Building an AI Dungeon Master That Lives Inside Minecraft

Why Should You Care?

Most LLM integrations bolt a chatbot onto the side of a game. The user types a question, gets a text response, copies a command, pastes it somewhere. That is a chatbot with a Minecraft skin, and it is not an interesting engineering problem.

Player2 is a different problem: an entity that inhabits the game, reads its world state every second, decides what tools to invoke, and executes server-level commands with the same permissions as an operator — all in response to natural conversation in the game chat. No UI. No copy-paste. The world changes because a language model decided it should.
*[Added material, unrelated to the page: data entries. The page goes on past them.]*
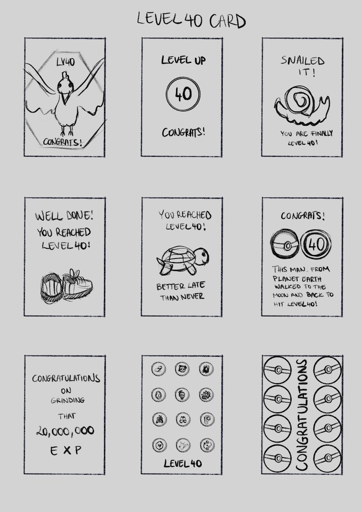 I feel like I have managed to create a series of cards that I would have been happy to receive when I got to the final level of Pokemon GO. I also think that I would be happy to give one of these to a friend when they finally reach Lv40.
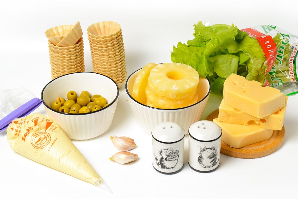 Подготовить ингредиенты: 25-30 тарталеток, консервированные ананасы, сыр, майонез, чеснок и оливки. Я использую вафельные тарталетки с верхним диаметром 5 см. Также потребуется свежий салат с нейтральным вкусом. Очень хорошо получается с айсбергом – его нежный хруст идеально дополняет такое угощение.
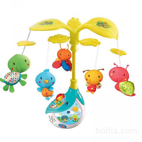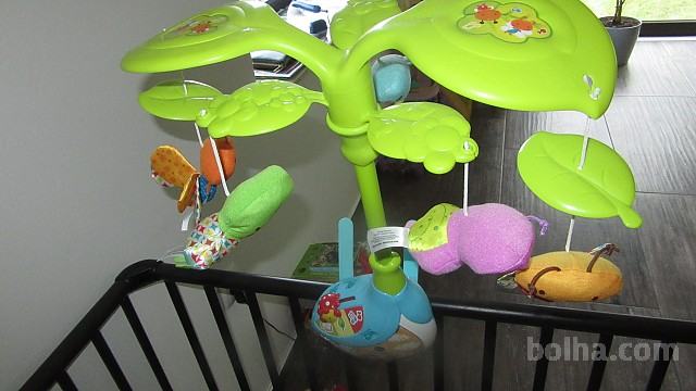 Ker smo bili pri prvorojenki super zadovoljni z njim smo ga kupili sedaj ponovno v novejši različici. Je kot nov, bil vsega skupaj samo ene 5x vklopljen, pa žal moj navihanček ni imel ravno interesa zanj. Ima veliko funkcij, med drugim uravnavanje glasnosti, vgrajen zvočni senzor, ki sproži uspavanke, kadar se otrok vznemiri ali začne jokati. Melodije so dolge 10, 15 ali 20 minut. Vrtiljak ima 40 melodij, 4 pesmi (vse je v angleškem jeziku) in 4 zvoke iz narave. Lučka spreminja barve in se nastavlja poljubno, posamično ali v kombinaciji z vrtiljakom. Kasneje, ko je otrok že večji, se samo odstrani vrtljivi del, lučka pa ostane z nastavljivimi paski pritrjena na posteljico ali stajico. Na voljo originalna embalaža.
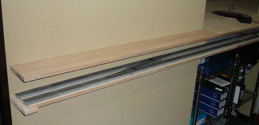 ↓ 部屋の入口に向かって右手の部分。先日渡り線を追加した箇所に2階部分を追加します。
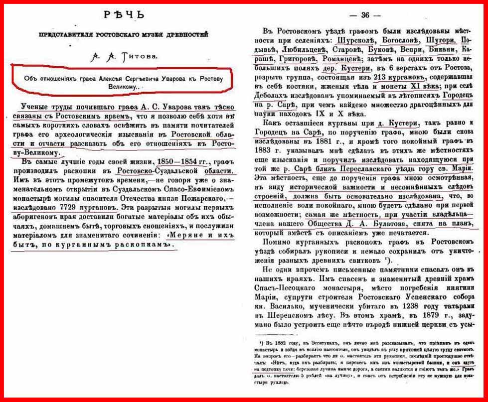 Знаменитый краевед Святой Земли Ростовской Граф АЛЕКСЕЙ СЕРГЕЕВИЧ УВАРОВ (годы жизни 1825 - 1884, всего прожил 59 лет) - потомок богатейшей аристократической семьи. Его отец - министр Народного Просвещения РОССИИ, Президент АКАДЕМИИ НАУК РОССИИ - Граф СЕРГЕЙ СЕМЁНОВИЧ УВАРОВ, (родился в 1786 году, умер 05 сентября 1855 года, всего прожил 69 лет). Граф АЛЕКСЕЙ СЕРГЕЕВИЧ УВАРОВ пренебрег карьерой, высоким служебным положением, сулившим ему всяческие почести и отличия и выбрал путь изучения российских древностей, стал археологом, человеком непонятной для высшего света профессии, каким-то «старинарем». За свои деньги он ведет многочисленные раскопки в окрестностях РОСТОВА ВЕЛИКАГО и тщательно исследует там все известные и неизвестные курганы. Итогом этой изнурительной работы стала изданная им знаменитая книга А. С. УВАРОВ МЕРЯНЕ И ИХ БЫТ, ПО КУРГАННЫМ РАСКОПКАМ скачать можно здесь> http://depositfiles.com/files/jm7qspo5y
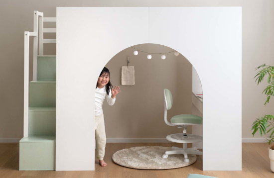 「HIDE-A ARCH」は、側面のアーチデザインからロフト下へと出入りが可能な設計で、その内部にはまるで秘密基地のような空間が広がる。入り口をくぐるたびに感じる高揚感と、自分だけの場所として過ごせる半個室の空間を通じて、遊び心と安心感を同時に提供する。独自のアーチフレームによって、自分だけの世界に没頭できる「特別な空間」を作り出し、眠る時だけでなく起きている時間も「自分だけの秘密基地」としてワクワク感を味わえる。
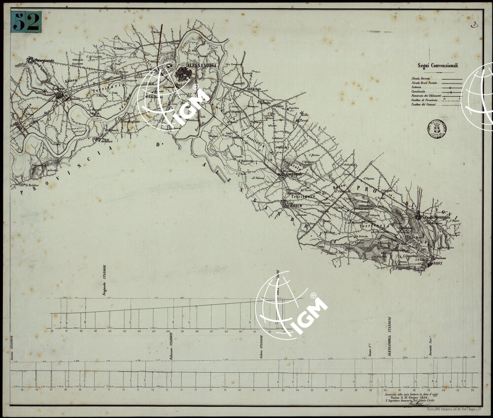 STRADA FERRATA DA GENOVA A TORINO PIANO DELLA LINEA DA NOVI A GENOVA INDICANTE 1°IL NUMERO, 2° LE STAZIONI E FERMATE 3° IL LIMITI DEI TERRERRITO ATTRAVERSATI 4° IL MODO IN CUI SI ATTRAVERSANO LE COMUNICAZIONI ESISTENTI ED I CORSI D’ACQUA.
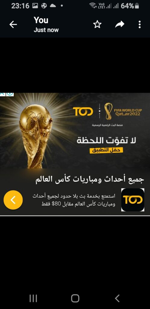 وتُعد TOD من أولى المنصات التي تقدم هذه الخدمة لمتابعي محتوى البث الرياضي في منطقة الشرق الأوسط وشمال أفريقيا، إلى جانب امتلاكها حقوق بث العديد من الفعاليات البارزة في المنطقة، بما فيها مباريات بطولة العالم لكرة القدم 2022 المقامة في قطر وكأس ديفيز ودوري أبطال أوروبا للسيدات ودوري بيج باش للكريكيت وسلسلة مباريات وان دي إنترناشيونال بين أستراليا وإنجلترا ومنافسات الفنون القتالية المختلطة وسباعيات دبي للرجبي وغيرها الكثير من البطولات المرتقبة.
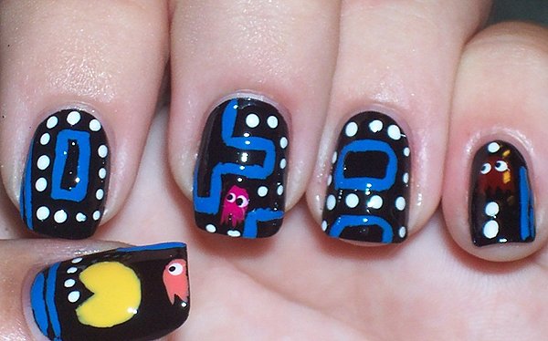 Los videojuegos me gustan mucho y llevar algún personaje en los diseños para uñas cortas es ideal. Sólo ten cuidado a la hora de elegir a tu personaje ya que entre más detalles tengan menos será factible hacerlos debido a lo pequeño de la uña. Una opción es usar a los hongos de Mario Bross ya sea en color verde o rojo.

The interesting engineering is not “plug Grok into a chat box.” It is the full stack required to make that sentence true: extracting game state from a live JVM, bridging it to a Python daemon over WebSocket, wiring a tool-calling LLM loop across 28 callable functions, building hybrid RAG over 87K game-knowledge QA pairs, and persisting conversation memory across sessions. That is what this post covers.

The Architecture

Two processes. One bridge.

┌─────────────────────────────────────────────────────┐
│  Minecraft 1.21.1 (Fabric + Carpet)                 │
│  ┌──────────────────────┐  ┌────────────────────┐   │
│  │  Player2 Mod (Java)  │  │  Carpet Fake Player │   │
│  │  - GameStateExtractor│  │  "Player2" entity   │   │
│  │  - DaemonConnection  │──│  - ActionPack ctrl  │   │
│  │  - /p2 commands      │  │  - Full player body │   │
│  │  - FollowBehavior    │  └────────────────────┘   │
│  └──────────┬───────────┘                            │
│             │ WebSocket (localhost:7677)              │
└─────────────┼────────────────────────────────────────┘
              │
┌─────────────┴────────────────────────────────────────┐
│  Player2 Daemon (Python 3.12)                        │
│  ┌─────────────┐  ┌──────────────────────────────┐   │
│  │  WS Server  │  │  LLM Client                  │   │
│  │  - Routes   │  │  - Grok API (primary)        │   │
│  │    messages │  │  - Ollama fallback            │   │
│  │  - Sends    │  │  - Tool-calling loop (×3 max)│   │
│  │    actions  │  └──────────────────────────────┘   │
│  └─────────────┘  ┌──────────────────────────────┐   │
│  ┌─────────────┐  │  Tools (28 functions)        │   │
│  │  Memory     │  │  - run_command, chat         │   │
│  │  - SQLite   │  │  - lookup_*, wiki_lookup     │   │
│  │  - Sessions │  │  - we_fill/sphere/cylinder   │   │
│  │  - Quests   │  │  - paste_schematic           │   │
│  │  - Profiles │  │  - navigate_to, give_kit     │   │
│  └─────────────┘  └──────────────────────────────┘   │
└──────────────────────────────────────────────────────┘

The Carpet mod provides the fake player entity — a fully simulated player that the server treats as a real client. The Player2 Fabric mod rides on top: it extracts game state, routes chat messages, and executes actions the daemon sends back. The daemon is where all the intelligence lives.

Game State Extraction

Every 20 ticks (once per second), GameStateExtractor.java serializes the world’s current reality into a JSON snapshot and sends it to the daemon over the WebSocket connection:

// GameStateExtractor.java — 20-tick polling
public String extractIfReady(ServerPlayerEntity humanPlayer) {
    tickCounter++;
    if (tickCounter < TICK_INTERVAL) return null;
    tickCounter = 0;
    return extract(humanPlayer).toString();
}

The snapshot captures position, health, hunger, XP level, dimension, current biome (queried from the server’s registry, not hardcoded), time of day, weather state, hotbar contents, and all entities within a 32-block radius:

// Nearby entity scan — 15 entities max, hostile health included
Box scanBox = player.getBoundingBox().expand(ENTITY_SCAN_RADIUS);
List<Entity> nearby = world.getOtherEntities(player, scanBox);
for (Entity entity : nearby) {
    if (count >= 15) break;
    // skip the bot entity itself
    if (entity instanceof ServerPlayerEntity spe
        && spe.getName().getString().equals(PlayerTwoEntity.BOT_NAME)) continue;
    // ...serialize type, coords, distance, health
}

On the Python side, state.py deserializes this into typed dataclasses and provides a summary() method that collapses it to readable text for the LLM context window:

Player steve at (142.0, 64.0, -88.0)
Health: 8.0/20.0, Hunger: 11/20
Biome: minecraft:dark_forest, Dimension: minecraft:overworld
Time: 14230 (day)
Hotbar: diamond_sword x1, cooked_beef x32, torch x64
Nearby: zombie(4.2m), zombie(7.1m), spider(11.3m)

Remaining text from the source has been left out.